OK, so I have a little confession to make...I never wanted a daughter, nor do I ever want a daughter. I know, that's really bad isn't it!! Reg and I have always planned to only have 2 kids an we knew that no matter what we were given, we were only getting 2 chances. I am so glad I got my boys!!
We cheated both pregnancies and found out the sex at our 20 week ultrasounds. With pregnancy #1 we both wanted a boy. We thought a boy would be nice to be the eldest child, especially if someday #2 was a girl, then she could have that typical "protective" big brother. When the ultrasound tech showed us we were having a little boy, we were ecstatic - Holden had his name even before we arrived home.
After Holden was born and as he grew and became his own little person it became clear to Reg and I that we wanted our second child to be a boy too.
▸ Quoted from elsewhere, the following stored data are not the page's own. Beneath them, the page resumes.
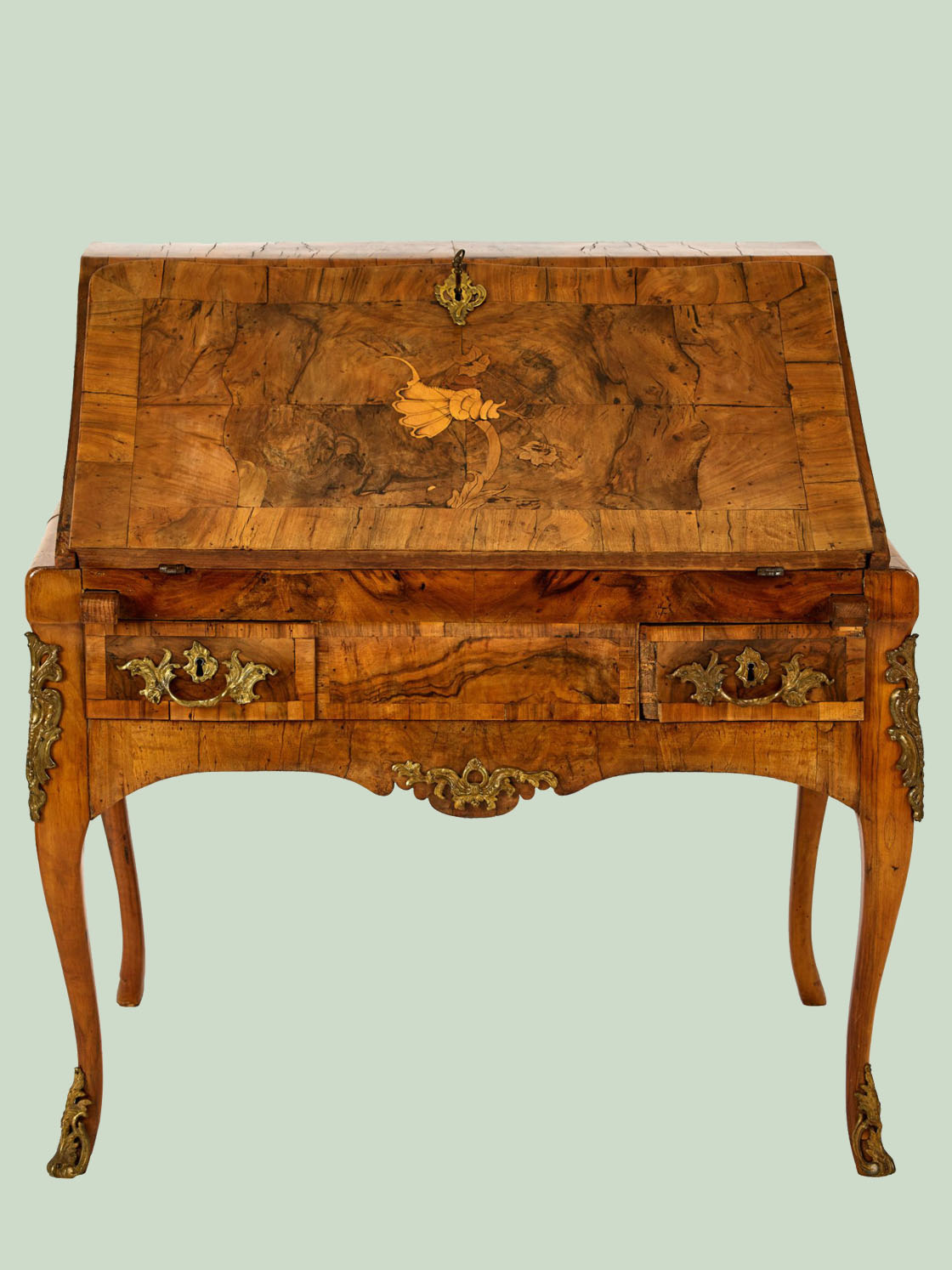 Sehr schöne zierliche Ausführung, Nussbaum furniert, mit verschiedenen Edelhölzer eingelegt, Süddeutschland um 1730-40, Original feuervergoldete Beschläge, typisch für diese Zeit mit Rocaillien.
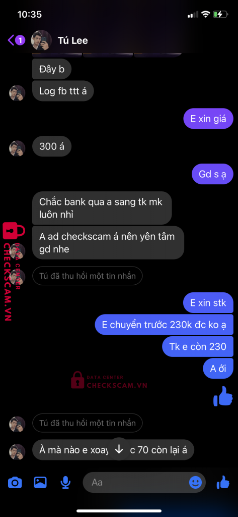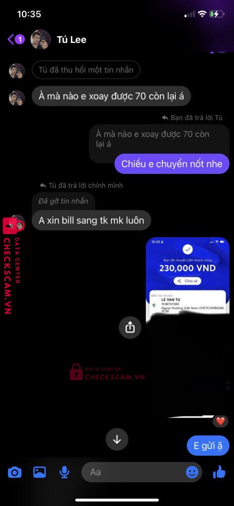 Scammer Alert: Lê Văn Tú Reported: November 16, 2024 Scammer Information Full Name: Lê Văn Tú Payment Gate: Ngoại Thương Việt Nam( Vietcombank Payment Account: 1038757380 Category: Marketplace scams Source: Checkscam Evidence Files Report Description Gửi cả link của checkscam mình tin tưởng rồi đến lúc gửi tiền chuyển bill rồi lại block =))) ko hiểu nỗi Comments Your comment Add Comment No comments yet. Be the first to share your experience with this scammer.
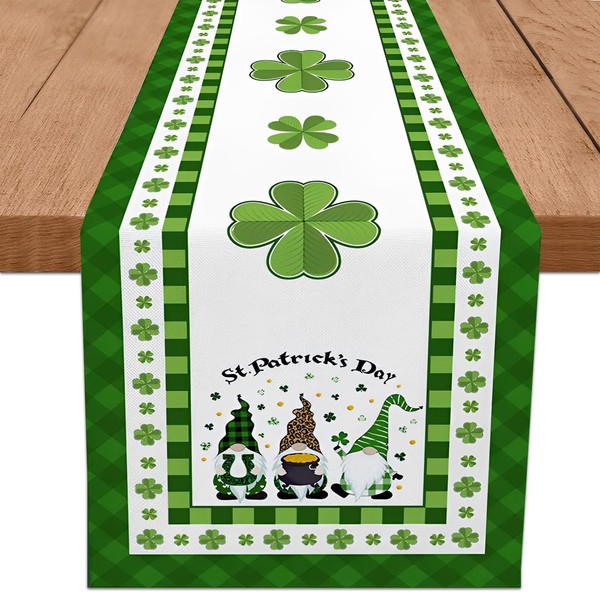 Spring Decor - Irish Spring Table Runner, St Patrick's Day Decorations for Kitchen – Classic St Patrick's Day Table Runner with Gnome and Clover Design
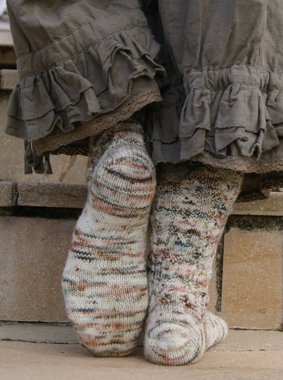 Die Originalsocken wurden im Broken Rib Muster (1. Rd 2reM, 2liM / 2. Rd reM) gestrickt, die Socke wird schmaler, wenn man dafür das normale Rippenmuster (2reM, 2liM) benutzt (siehe Foto Seite ).
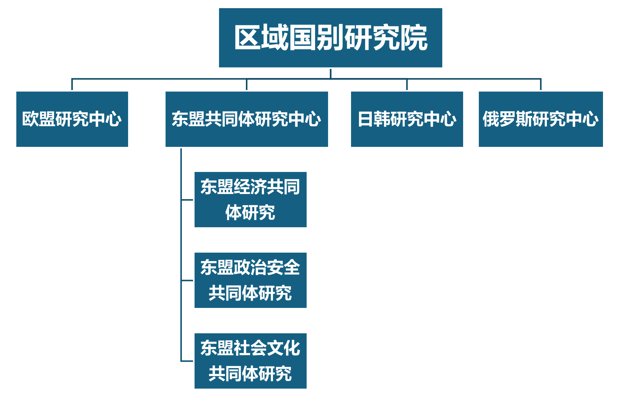 江西财经大学区域国别研究院为正院所级科研机构,以经济研究为特色,聚焦东盟,兼顾欧盟、日韩、俄罗斯等区域国别,设有4个研究中心:东盟共同体研究中心、欧盟研究中心、日韩研究中心和俄罗斯研究中心。东盟共同体研究中心下设3个研究方向:东盟经济共同体研究、东盟政治安全共同体研究、东盟社会文化共同体研究
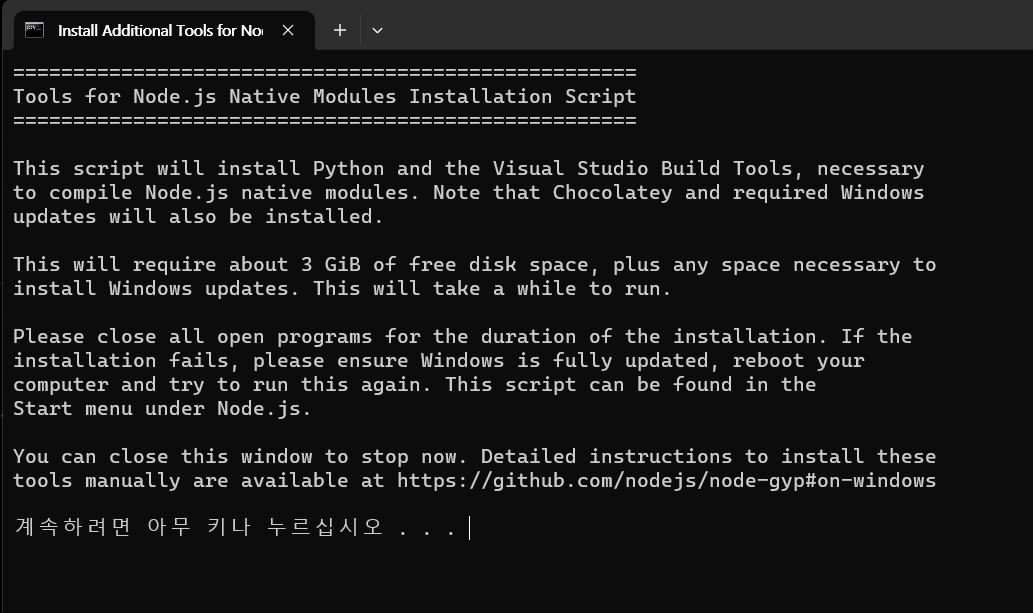 이제 설정이 끝났으니 node.js를 설치할 수 있습니다.
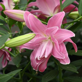 Aus der 'Lotus Lilies' Serie ist dies eine dunkelrosa gefüllte orientalische Lilie. Hellfarben an den Rändern der Blütenblätter.
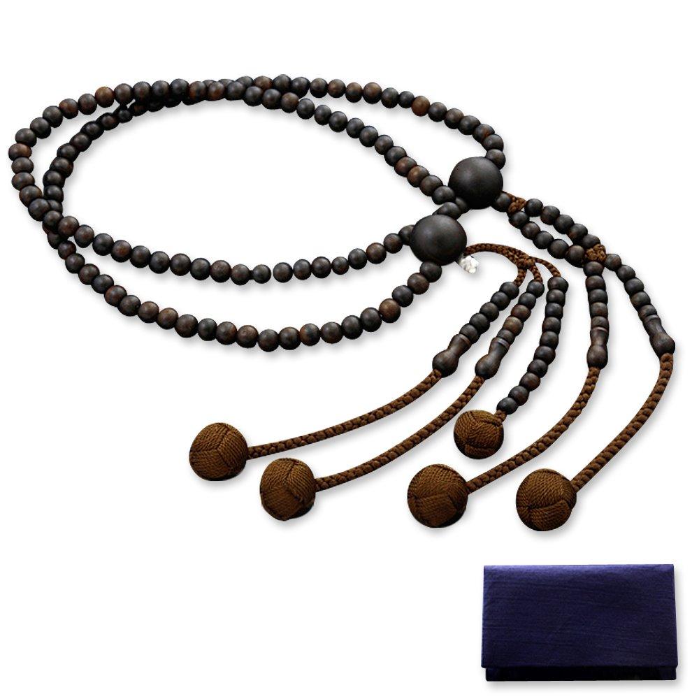 Kyoto Butsudan Hayashi Buddhist Prayer Beads, Nichiren Sect, 1 Shaku 2, Ebony (Unpolished) (Men's), Formal, Authentic Style [Prayer Beads Bag Set]
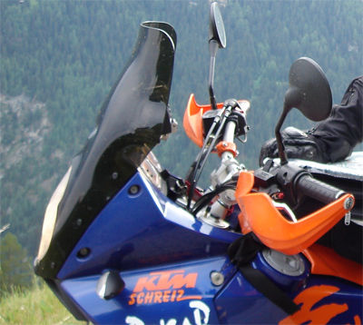 Ich fahre in der schönen Jahreszeit mit dem KTM Windschild und in der kühlen mit dem Cee Bailey's Windschild. Dies ist für mich das Beste.
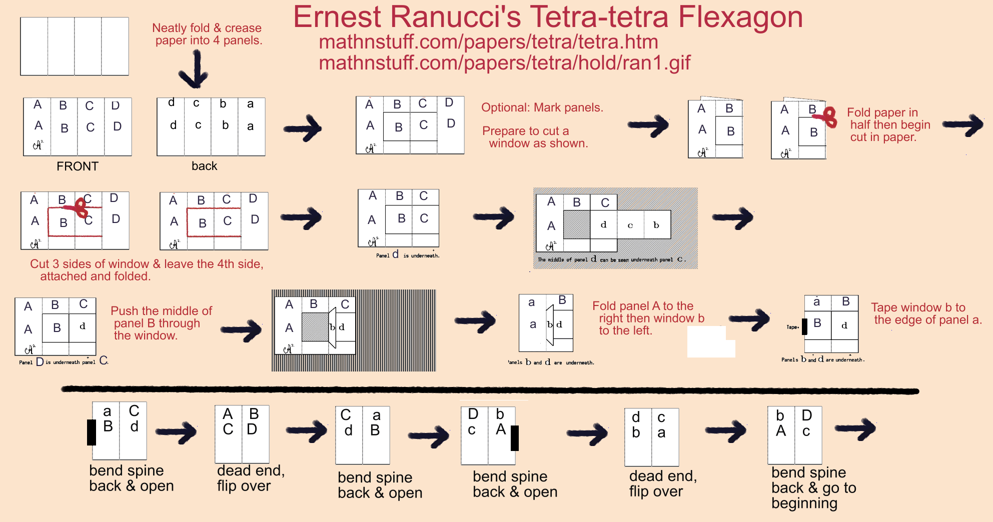 Once Upon A Time, in the 1970s at an NCTM meeting, I sat in a room with a hundred other math teachers and folded my first tetra-tetra flexagon. Ernest Ranucci guided us through the paper-folding process and each of us (I think) experienced the joy of making something so beautiful and simple. The wonder of that moment and the cut and folded flexagon came home with me. The directions for its assembly did not. I experimented for quite some time before my new flexagon did what I wanted it to do. So, I take blame for the graphics and the directions but not for the idea. |
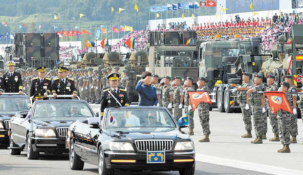 박근혜 대통령이 1일 경기 성남시 서울공항에서 열린 건군65주년 국군의날 기념식에 참석해 김관진 국방부 장관 중장 권태오 제병지휘관과 함께 열병하고 있다.
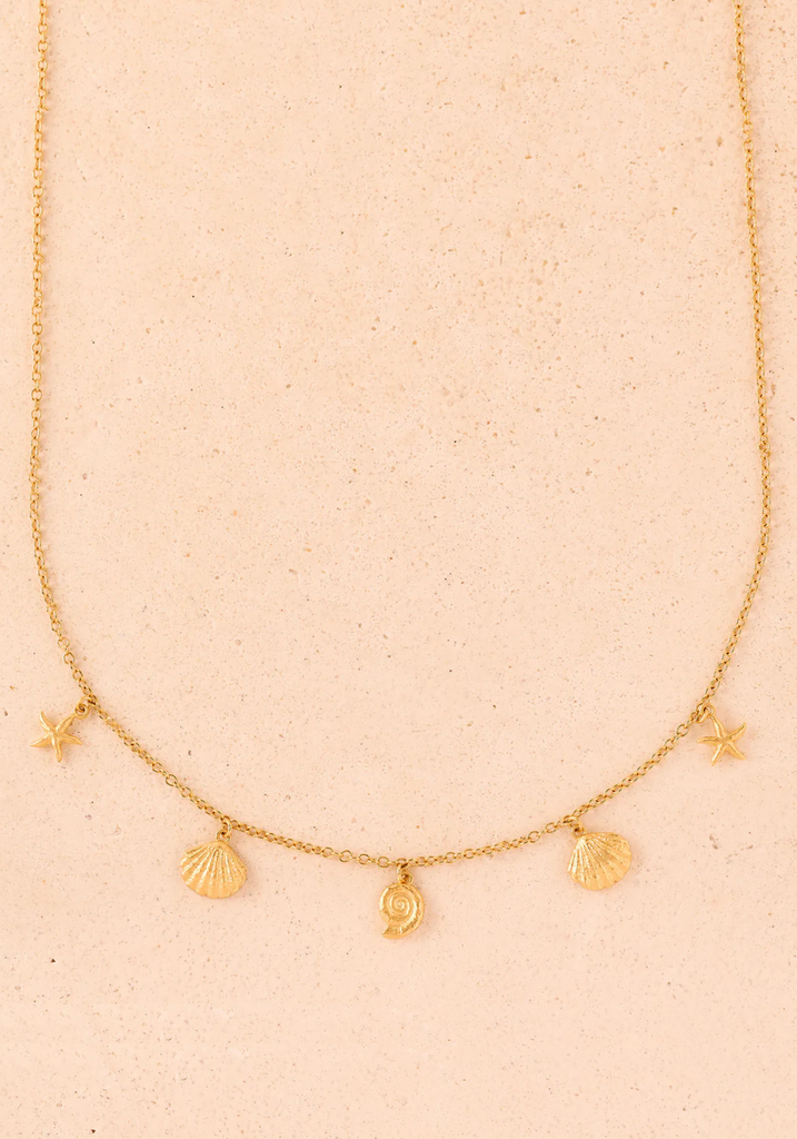 A dainty chain necklace with five small sea-inspired pendants. Finely detailed seashells and starfish, like treasures washed ashore.

When I got pregnant again I was convinced we were having a girl - Reg went into denial and only ever said it was a boy. Of course, that's what I wanted too but I made it my goal to try to prepare Reg that he may indeed have a daughter. This was an impossible task as Reg was convinced that "I can only make boys" - you can't see me, but I'm rolling my eyes right now :)
The day of my ultrasound my nerves and my mind were going full swing. Yes, I wanted a boy the first time around, but it seemed like this time I wanted a boy even worse! (The following is terrible...) What would I do with a girl? How would I ever survive the teenage years? The screeching, the dolls, the pink??!! Finally the moment of truth had arrived. I had just spent half an hour with the ultrasound tech in silence, listening to her blab on about who knows what, my mind racing as I watched the blurred screen convincing myself with every move of her "wand" that I had just seen the "girl parts". . Once Reg had joined us in the room she asked us once again if we were sure we wanted to know...uh, duh...YES!!! Please tell us and do it quick before I have a heartattack!! Then she said the words I had been waiting to hear...your having a boy. I was so excited that I didn't hear anything else. Another boy :) My little family was complete!
I told you that was terrible, but I'm just being honest! I wouldn't trade my boys for the world - but you know what...I'd likely be saying the same thing if my 2 boys had ended up being 2 little girls.